Research filed(s): Text Algorithms, String Algorithms
Thesis title: Approximate String Matching: Theory and Applications
Degree: Ph.D in Computer Science
Supervisor(s): Dr Nacéra Bensaou, Dr Djamal Belazzougui, Dr Mathieu Raffinot

Where did you undertake your research? I undertook the research of my thesis in the Laboratory for Research in Artificial Intelligence (LRIA) at the University of Sciences and Technology Houari Boumediene (USTHB) in Algiers, Algeria. Part of my thesis work was done at the Laboratoire d’Informatique Algorithmique: Fondements et Applications (LIAFA) Paris Diderot, Paris 7 University, France.

What is your thesis about?
The research topic of my thesis is ”Approximate string matching: theory and applications” where we build indices for text and dictionaries in a way that allows fast, exact and approximate search, allowing for typographical errors.

An exact search consists of finding a query word without error.
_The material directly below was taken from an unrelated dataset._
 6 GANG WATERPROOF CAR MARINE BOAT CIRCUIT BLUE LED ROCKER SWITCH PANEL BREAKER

For example, looking for the word ibrahim, so we find exactly that word in the text (or in the dictionary) and/or all its positions. In practice, the exact search is not always adequate if the query word and/or words in the dictionary or text contain typographical errors. Depending on the domain, errors may be due to several reasons: for example, a typing error during a quick entry, or texts that come from an Optical Character Recognition tool (OCR) may contain errors of miss-recognition, etc. Approximate search solves this problem by handling errors and finding occurrences that are lexically close to query word. For example, looking for the word ibrahim, we find: ibrahimovic, abraham, blahim, brahim, etc.
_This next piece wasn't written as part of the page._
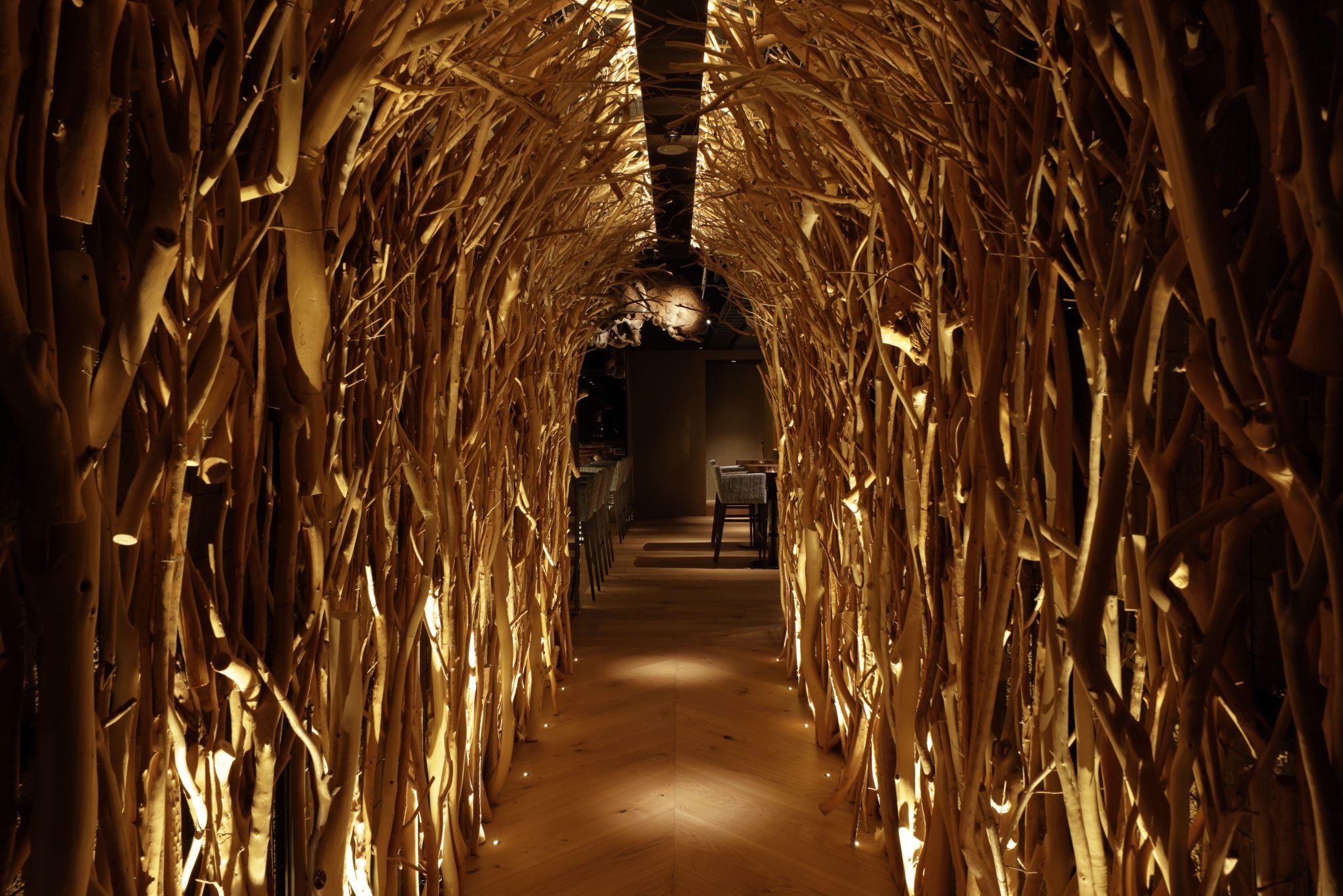 Step away from Kitanozaka’s bustle and enter a forest-like haven through a wooden gate. Rare timbers, a log bar, and magnolia roots create a warm space, with sounds from a central DJ booth. Centered on wood-fire cooking, this innovative French restaurant blends the memories of wood with modern sensibilities for an extraordinary dining experience.

Text Algorithms, is a field that deals with the study of textual data structures and text algorithms. The question for me was; what contribution can I bring that will build on existing work in this area? In turns out that researchers in this area have found that there is a gap between theoretical and practical results in the string matching domain. That is, a number of improvements have been made to several methods of solving this problem in terms of dealing with its theoretical complexity without considering practical aspects if their application.
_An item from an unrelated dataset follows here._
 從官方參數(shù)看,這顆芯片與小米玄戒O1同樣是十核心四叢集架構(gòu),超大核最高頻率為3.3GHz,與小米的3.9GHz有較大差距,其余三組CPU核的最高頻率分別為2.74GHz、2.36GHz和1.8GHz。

This poses an important problem, particularly to the software developer community, or bioinformatics researchers, but also to all non-specialist text algorithmic users when it comes to choosing and using a good pattern matching algorithm.

This was the main motivation behind my doctoral thesis.

This thesis deals with the search for efficient solutions in practice, without compromising theoretical complexities associated with performance-related problems of approximate string matching in different contexts of its applications. The goal is to propose algorithms: efficient, valid in practice and competitive, and to produce at the end libraries that can be used directly by developers and researchers.

How did you get into this research?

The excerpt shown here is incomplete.